* **EXERCISE REQUIREMENTS**
So that the copy stays text only, transcribe the data below exactly and exclude the images.

* **DATA EXTRACT**
=-=-=

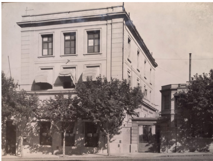
Figura 1. Sede del Museo. Dirección General de Minas, Geología e Hidrología. Maipú 1241, Ciudad de Buenos Aires. 1910.

Tal y como explica Hermitte en esta Memoria, el Museo estaba constituido por tres secciones. Una primera, llamada "sección instructiva" compuesta por minerales y rocas adecuadas para la enseñanza de los niveles de primaria y secundaria, formando "colecciones escolares". Una segunda sección dedicada a "minerales de aplicación", "Figuran en esta sección del Museo las colecciones que se refieren á la representación del suelo en su relación con la agricultura, los perfiles de las perforaciones ejecutadas, planos y modelos de minas y en general a todo lo que se refiere la á [sic] geología práctica" (Hermitte, 1905, p. 17). Como vemos, Hermitte apunta a un museo que explica la importancia estratégica de la minería para el país, su relevamiento, exploración y uso comercial de minerales y rocas.
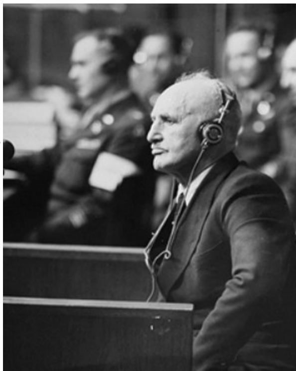
Julius Streicher v Norimberku

=-=-=

* **SOLUTION TO THE EXERCISE**
Figura 1. Sede del Museo. Dirección General de Minas, Geología e Hidrología. Maipú 1241, Ciudad de Buenos Aires. 1910.

Tal y como explica Hermitte en esta Memoria, el Museo estaba constituido por tres secciones. Una primera, llamada "sección instructiva" compuesta por minerales y rocas adecuadas para la enseñanza de los niveles de primaria y secundaria, formando "colecciones escolares". Una segunda sección dedicada a "minerales de aplicación", "Figuran en esta sección del Museo las colecciones que se refieren á la representación del suelo en su relación con la agricultura, los perfiles de las perforaciones ejecutadas, planos y modelos de minas y en general a todo lo que se refiere la á [sic] geología práctica" (Hermitte, 1905, p. 17). Como vemos, Hermitte apunta a un museo que explica la importancia estratégica de la minería para el país, su relevamiento, exploración y uso comercial de minerales y rocas.
Julius Streicher v Norimberku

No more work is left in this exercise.